I found this post and I managed to extract the keypoint data.

The thing is that this runs really slow. We’re talking 10 FPS. I managed to get it to around 20 fps with some improvements to the nms function but it’s still not fast enough.

Is this just a limitation of python or is there a better way to do this?

Ultimately I’d like to detect the bed and the person in the same model so will need a way to do the post processing with multiple classes but I’ll figure that out later.

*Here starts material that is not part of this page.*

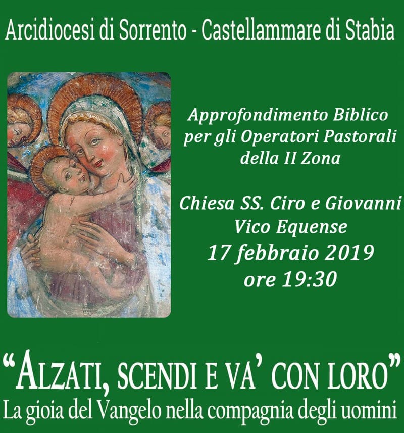 "Alzati, scendi e va' con loro" -Tutti insieme per un momento di riflessione- Trattasi di un incontro di approfondimento biblico aperto a tutti gli operatori pastorali della nostra Unità Pastorale (II Zona). Tutti siete invitati. Non mancate!!!

The run function looks like this:

def run(video_frame: VideoFrame):

    class_num = 1
    regression_length=15
    raw_detections_keys = list(tensor.name() for tensor in video_frame.roi.get_tensors())
    raw_detections = {tensor.name(): np.expand_dims(np.array(tensor), axis=0)  for tensor in video_frame.roi.get_tensors()}
    layer_from_shape = {raw_detections[key].shape: key for key in raw_detections_keys}
    detection_output_channels = (regression_length + 1) * 4  # (regression length + 1) * num_coordinates
    keypoints = 12 # 3 * number of corners of bed
    endnodes = [
        raw_detections[layer_from_shape[1, 20, 20, detection_output_channels]],
        raw_detections[layer_from_shape[1, 20, 20, class_num]],
        raw_detections[layer_from_shape[1, 20, 20, keypoints]],
        raw_detections[layer_from_shape[1, 40, 40, detection_output_channels]],
        raw_detections[layer_from_shape[1, 40, 40, class_num]],
        raw_detections[layer_from_shape[1, 40, 40, keypoints]],
        raw_detections[layer_from_shape[1, 80, 80, detection_output_channels]],
        raw_detections[layer_from_shape[1, 80, 80, class_num]],
        raw_detections[layer_from_shape[1, 80, 80, keypoints]]
    ]

    predictions_dict = extract_pose_estimation_results(endnodes, 640, 640, class_num)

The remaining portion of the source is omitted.